Explain, regularize, communicate rules and procedures related to hiring, evaluation, professional support and teaching.Value the contribution of PIs in your department’s course offerings. Promote their research and publications. Post PI’s profiles on your department’s web page.

RESOURCES

Provide PIs in your unit with resources equivalent to those available to full-time faculty. An office equipped with a computer and telephone; access to a photocopier and scanner; ensure that this equipment is kept up to date.

Teaching Assistants: Inform PIs promptly of the TA hours assigned to their courses. Inform them of the rule that determines the number of hours. Offer them a list of candidates. Maximize the hours for courses taught by PIs.

Share teaching resources: syllabi, slide presentations, etc. Offer PIs guest speakers in courses they teach, offer them paid lectures in other departmental courses.

COLLEGIALITY

Representation: Ask PIs to elect two representatives and invite these individuals to attend the department’s meetings. Invite their representatives to departmental committees, especially the one responsible for undergraduate studies.

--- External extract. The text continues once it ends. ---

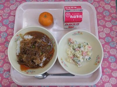 【献立】ハヤシライス・マセドアンサラダ・果物・牛乳

Include a “precarious faculty” item on the agenda. Pay them for their work representing PIs.

Education planning: Invite PI representatives to sit on committees that review curricula, course offerings, and plan course offerings. Consider the working conditions and strengths of PIs in your unit when planning course offerings.

Invite PIs to your department’s social events.

Support governance reforms that allow PIs and student representatives to sit and vote on institutional and faculty committees/assemblies with voting rights.

WORKING CONDITIONS

Compensation: Ensure that PIs are compensated for their work: preparation of syllabi, course preparation, grading of assignments/exams, administrative duties, representation.

Seniority: Inform PIs in your unit of teaching opportunities. Assign teaching loads based on seniority and teaching experience, with a right of first refusal. Explain and communicate seniority and hiring rules. Inform PIs of new opportunities after the employment relationship is terminated.

Student Teaching: Graduate student teaching must be subject to the same conditions (status, rights, salary, seniority, TAs, etc.) as that of Graduate PIs. Pay PIs and graduate students who lecture in your department. Graduate funding should not be used to pay for graduate student teaching. Limit the number of teaching loads offered to graduate students.Provide coaching and mentoring for new PIs.

Teaching evaluation: Offer support to PIs who receive a low rating in student evaluations of teaching. Treat these evaluations as opinion polls. Avoid punitive measures except in cases of misconduct.

Rights: Precarious faculty have the same rights as permanent faculty. Fairness, academic freedom, intellectual property, labor standards, support for teaching, due process and transparency…

Support the demands of PIs and their representatives, through your association/union, and through your faculty and institutional administrative functions.

CAREER AND INSTITUTIONAL SUPPORT

Access to professional resources: Support PIs’ access to your institution’s research and teaching support services, and access to training and development offerings. 

Research and Outreach: Integrate PIs into your department’s research teams and projects and pay for their work. Support their research, publications, funding and job search. Contribute to their travel expenses and participation in research and outreach activities.

Regularize this support. Post PI profiles on your department’s web page.Tenure: Consider PIs in your department for tenure-track positions, and support their job search. Explore the possibility of offering them longer term teaching contracts.